Supervised Domain Adaptation Mitigates Cross-Ethnicity Prediction Error in Neuroimaging Based Cognitive Prediction
Journal:
bioRxiv
Published Date:
May 28, 2026
Abstract
Research has developed machine-learning models to predict cognitive and clinical outcomes from neuroimaging data, yet fairness and generalizability remain key challenges. Large-scale datasets are often demographically imbalanced, leading to systematic performance disparities across ethnic groups, with models typically performing better for majority populations. Here, we examine whether supervised domain adaptation can mitigate such bias. Using the ABCD dataset, we treat White-American participants as the source domain and African-American participants as the target domain. We compare four domain-adaptation methods--balanced weighting, two-stage TrAdaBoost, feature augmentation with SrcOnly prediction, and linear interpolation--against standard training in predicting cognition from 80 MRI measures. All methods reduced prediction error for African American participants, particularly for MRI measures with large baseline disparities (e.g., structural MRI), while offering limited gains where initial gaps were small (e.g., functional connectivity). Balanced weighting performed best, highlighting that simple, low-cost approaches can effectively reduce cross-ethnicity performance gaps for underrepresented populations.
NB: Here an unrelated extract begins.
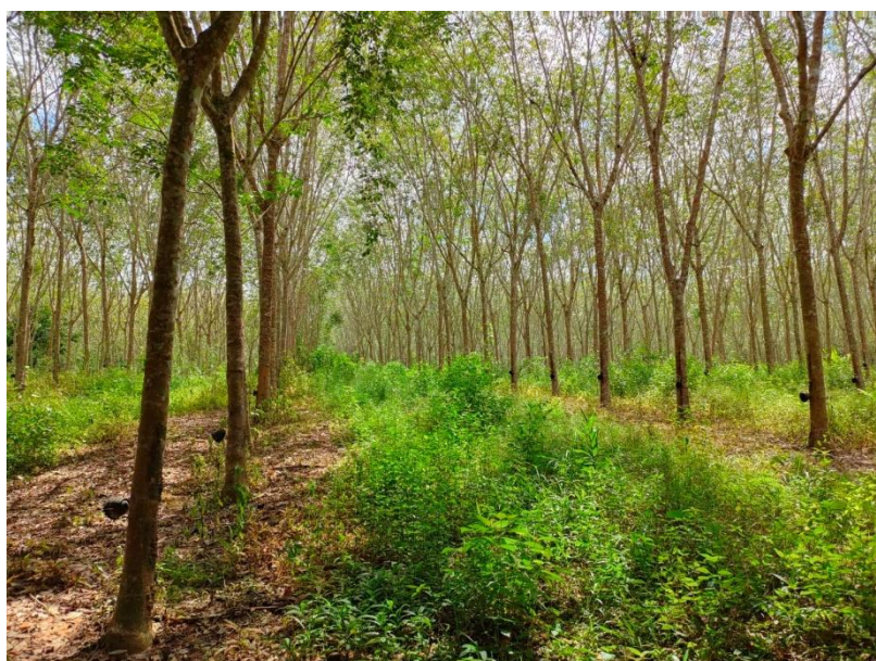
ภาพที่ 1 : ลักษณะสวนยางพารา SFC 0820 จังหวัดสงขลา

ผลการสำรวจความหลากหลายทางชีวภาพพรรณพืช บริเวณพื้นที่สวนยางพารา SFC 0820 จังหวัดสงขลา พบว่าเป็นสวนยางพารา(Genus) : Hevea สปีชีส์ (Species): brasiliensis ชื่อสามัญ (Common name) : para rubber ชื่อวิทยาศาสตร์ (Scientific name) : Hevea brasiliensis Mull-Arg. กระจายอยู่ทั่วไป (ภาพที่ 1)

Significant StatementLarge-scale neuroimaging datasets increasingly enable machine-learning models to predict cognitive and clinical outcomes; however, these datasets are often ethnically imbalanced. As a result, predictive models tend to generalize poorly to underrepresented populations. We demonstrate that, across 80 MRI phenotypes, a class of machine-learning approaches collectively known as supervised domain adaptation can substantially reduce cross-ethnicity disparities in neuroimaging-based cognitive prediction, even when only limited data from underrepresented groups are available. Among the methods evaluated, balanced weighting achieved the best performance while maintaining low computational cost. Together, these findings provide a practical and scalable framework for improving fairness and generalizability in neuroimaging-based machine learning under realistic conditions of ethnic imbalance.